### EXERCISE REQUIREMENTS
Pictures aside, copy exactly the lines running from the one with "オス猫のタマ君が又ケンカをし" to the end of the records.

[Start of section]

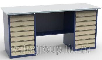 Монтажный верстак СВ-2Т.08.08.19 Качественный монтажный верстак должен иметь прочный каркас с надежной столешницей. Этим требованиям соответствует монтажный стол Святогор СВ-2Т.07.07.19 из холоднокатаной стали: 2 тумбы с 8-ю выдвижными ящиками на телескопических шариковых направляющих; дополнительно пользователи могут приобрести подходящую подсветку, облегчающую процесс сборки деталей, оборудовать стол перфорированным металлическим экраном с разнообразными держателями для часто используемого инструмента, а также прочными, функциональным полочками; сстолешница монтажного стола – МДФ 22 мм.+ 2 мм. оцинкованный лист; нагрузка на полку тумбы 20 кг. None
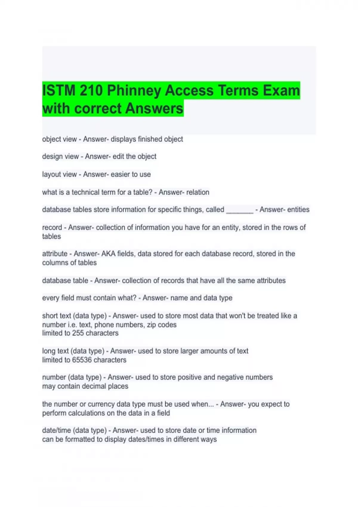 ISTM 210 Phinney Access Terms Exam with correct Answers 2024
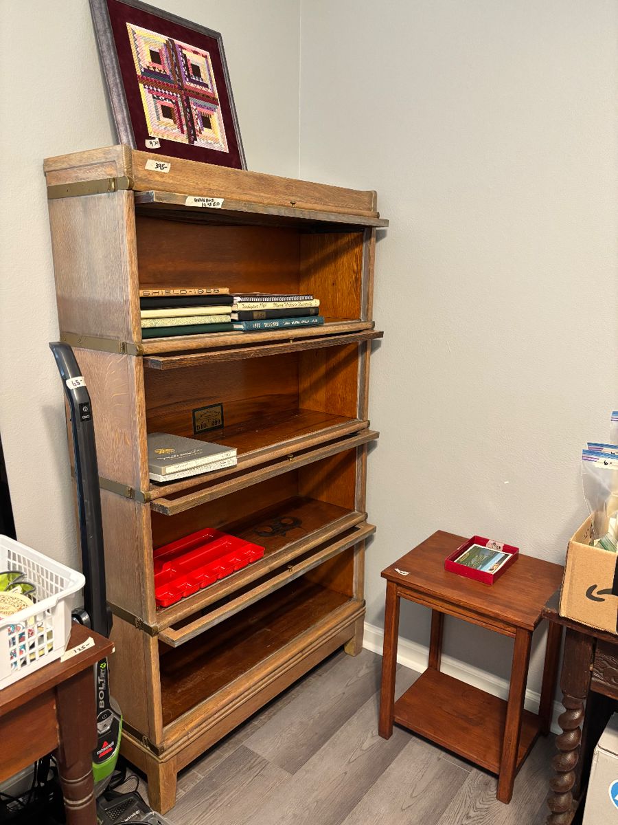 TODAY MOST ITEMS 50% OFF!!!! Estate Sale, contents of a very nice home!. Unusual antique oak curved glass china cabinet,Old punch tin pie safe, Oak stack bookcase, barley twist oak desk, Awesome sewing machine collection including Husqvarna Viking machine with accessories and booklets, Bernina, Janome New Home and Horizon machines, and antiqueSinger treadle as well, quilting books, quantity of pressed and brilliant cut glass, Waterford, cranberry, crystal, contemporaryPottery, large paperweight collection, walnut tables, footstools, day bed, bookcases, holiday, marble top table, blanket chest,Cherry poster bed with vanity and stool, drop leaf bedside table, flat screen TV, Victorian Davenport desk, bookcases,...
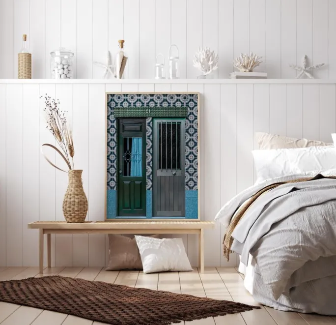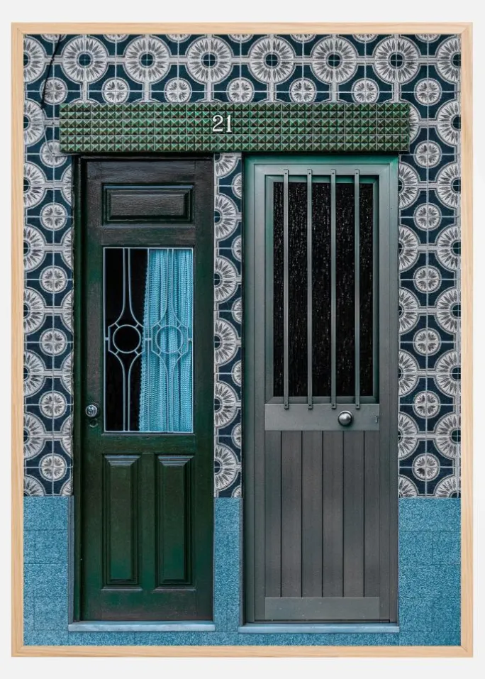 En interiørplakat med to døre ved siden af hinanden på en lyseblå flisebelagt væg. Hver dør har et andet design, den ene er grøn, den anden grå. De sidder begge under skiltet nummer 21, så går de til det samme hus, eller er de forskellige steder? Tag dette med hjem, og lad din fantasi gøre resten.
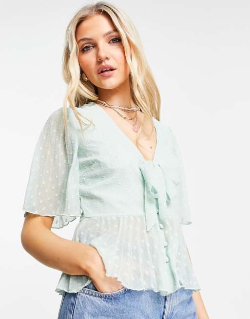 ASOS DESIGN - Geplooide peplum top met knoopjes en strik aan de voorkant in saliegroen
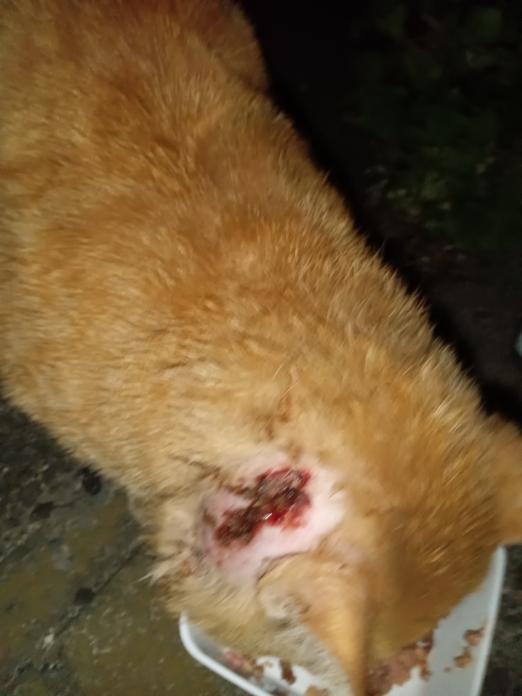 オス猫のタマ君が又ケンカをして来ました💦頭を噛まれて、大きい穴が二つ空いてしまい、化膿していたのが、やっと膿が出て来ました🥶化膿しないと怪我も見逃してしまうのですが、薬を餌に混ぜて食べさせました。膿が溜まっていますと凄く痛むのです、3日前は出て来なかったので、恐らくその時にケンカをしたのかも知れませんが、相手の猫は誰なのか?ジュニア君も全然出て来なくなりました😰 猫同士のケンカはどっちも大変な事になるので、どっちも心配です😩
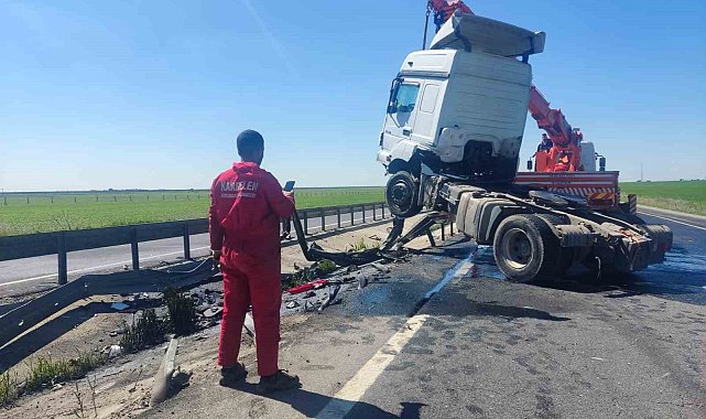 Mardin'in Nusaybin ilçesinde bariyerlere çarpan tırın sürücüsü yaralandı.Alınan bilgilere göre, dün akşam saatlerinde Uluslararası İpekyolu'nda seyir halindeki sürücüsünün ismi öğrenilemeyen 38 GG 110 plakalı tır, kontrolden çıkarak bariyerlere çarptı. Kazada sürücü yaralandı. İhbar üzerine olay yerine sağlık, itfaiye ve jandarma ekibi sevk edildi.Sürücü, ilk müdahalenin ardından Nusaybin Devlet Hastanesine kaldırıldı.Kaza ile ilgili inceleme başlatıldı.
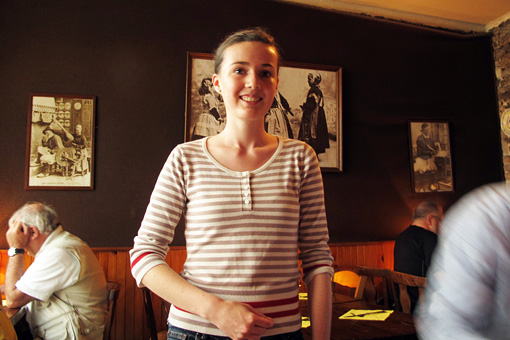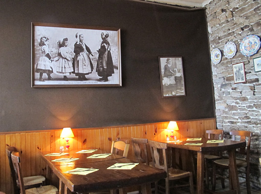 二度目にお邪魔した時、我々が最初のお客でしたので店内を撮影させて頂きました。年代物の木のテーブルとイス、壁にはカンペール特産の陶器と民族衣装を着た古い写真が飾ってあります。気取らない温かな雰囲気がとても素敵でした。こういったクレープリーで、気のあった仲間が、ガレットをつまみながらシードルを飲み、会話を楽しむのがブルターニュ地方のスタイルのようです。
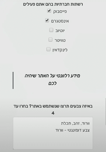 באיזה צבעים תרצו שנשתמש באתר? בחרו עד 4
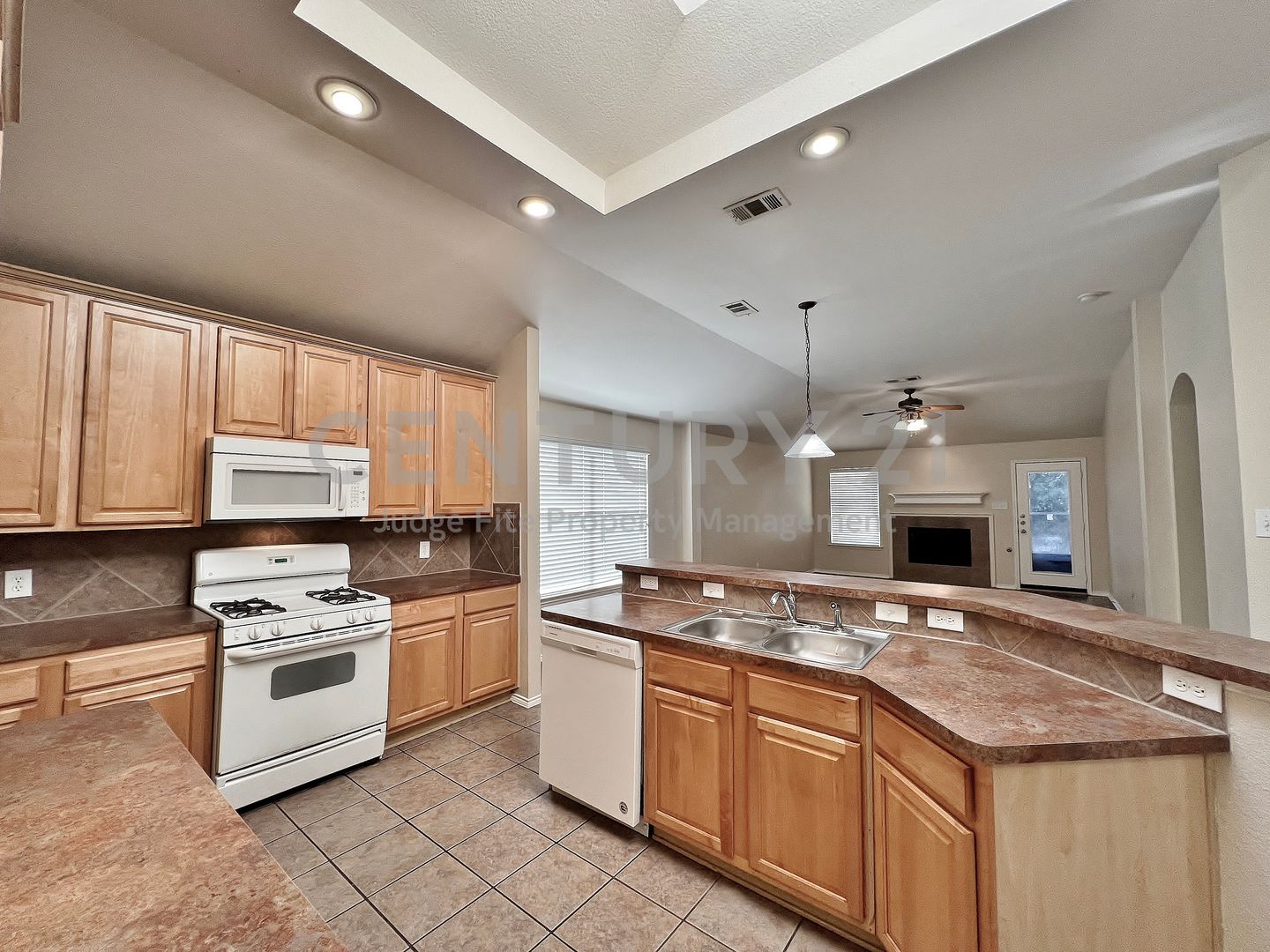 MOVE-IN SPECIAL! $325.00 OFF YOUR 2ND MONTH'S RENT! This charming 3-bedroom, 2-bathroom home with a 2-car garage is tucked away on a lot that backs up to a peaceful greenbelt, offering added privacy and a scenic view. Located in the highly sought-after Mansfield ISD, the home features a spacious and versatile floorplan with three living areas—one of which could easily function as a home office or flex space. The family room includes a cozy fireplace, while the beautiful island kitchen is highlighted by a skylight, tile backsplash, breakfast bar, and comes equipped with a gas range, dishwasher, built-in microwave and disposal. The primary suite offers a relaxing retreat with a garden tub, separate shower, and a walk-in closet. Outside, enjoy a fenced backyard with an open patio, ideal for outdoor lounging or entertaining. Additional features include ceiling fans throughout, an alarm system, a full-size utility area, and more. Owner must approve all pets.
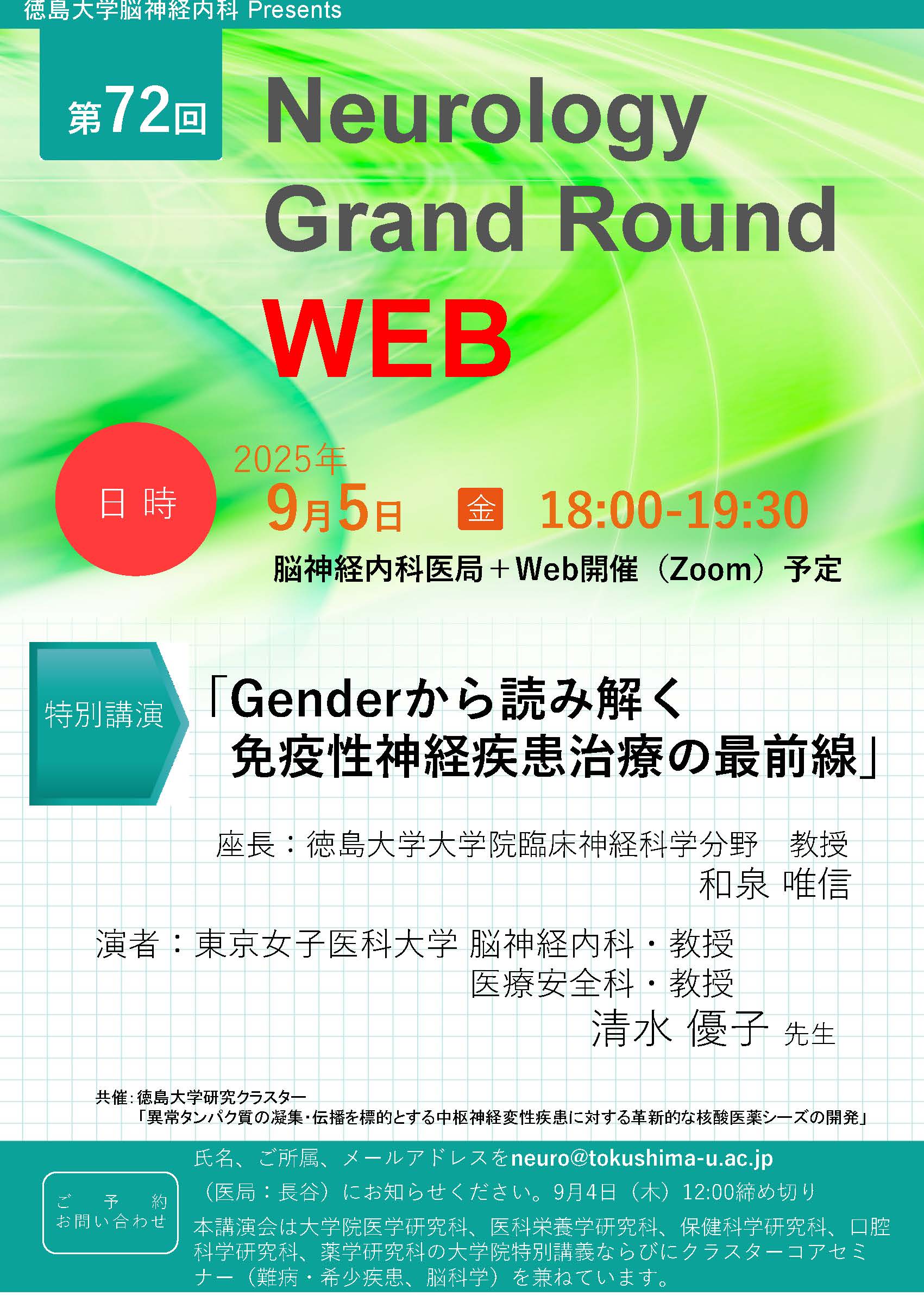 氏名、御所属、メールアドレスを neuro@tokushima-u.ac.jp (医局 長谷)にお知らせください。

[End of section]

### FINISHED TASK
 オス猫のタマ君が又ケンカをして来ました💦頭を噛まれて、大きい穴が二つ空いてしまい、化膿していたのが、やっと膿が出て来ました🥶化膿しないと怪我も見逃してしまうのですが、薬を餌に混ぜて食べさせました。膿が溜まっていますと凄く痛むのです、3日前は出て来なかったので、恐らくその時にケンカをしたのかも知れませんが、相手の猫は誰なのか?ジュニア君も全然出て来なくなりました😰 猫同士のケンカはどっちも大変な事になるので、どっちも心配です😩
 Mardin'in Nusaybin ilçesinde bariyerlere çarpan tırın sürücüsü yaralandı.Alınan bilgilere göre, dün akşam saatlerinde Uluslararası İpekyolu'nda seyir halindeki sürücüsünün ismi öğrenilemeyen 38 GG 110 plakalı tır, kontrolden çıkarak bariyerlere çarptı. Kazada sürücü yaralandı. İhbar üzerine olay yerine sağlık, itfaiye ve jandarma ekibi sevk edildi.Sürücü, ilk müdahalenin ardından Nusaybin Devlet Hastanesine kaldırıldı.Kaza ile ilgili inceleme başlatıldı.
 二度目にお邪魔した時、我々が最初のお客でしたので店内を撮影させて頂きました。年代物の木のテーブルとイス、壁にはカンペール特産の陶器と民族衣装を着た古い写真が飾ってあります。気取らない温かな雰囲気がとても素敵でした。こういったクレープリーで、気のあった仲間が、ガレットをつまみながらシードルを飲み、会話を楽しむのがブルターニュ地方のスタイルのようです。
 באיזה צבעים תרצו שנשתמש באתר? בחרו עד 4
 MOVE-IN SPECIAL! $325.00 OFF YOUR 2ND MONTH'S RENT! This charming 3-bedroom, 2-bathroom home with a 2-car garage is tucked away on a lot that backs up to a peaceful greenbelt, offering added privacy and a scenic view. Located in the highly sought-after Mansfield ISD, the home features a spacious and versatile floorplan with three living areas—one of which could easily function as a home office or flex space. The family room includes a cozy fireplace, while the beautiful island kitchen is highlighted by a skylight, tile backsplash, breakfast bar, and comes equipped with a gas range, dishwasher, built-in microwave and disposal. The primary suite offers a relaxing retreat with a garden tub, separate shower, and a walk-in closet. Outside, enjoy a fenced backyard with an open patio, ideal for outdoor lounging or entertaining. Additional features include ceiling fans throughout, an alarm system, a full-size utility area, and more. Owner must approve all pets.
 氏名、御所属、メールアドレスを neuro@tokushima-u.ac.jp (医局 長谷)にお知らせください。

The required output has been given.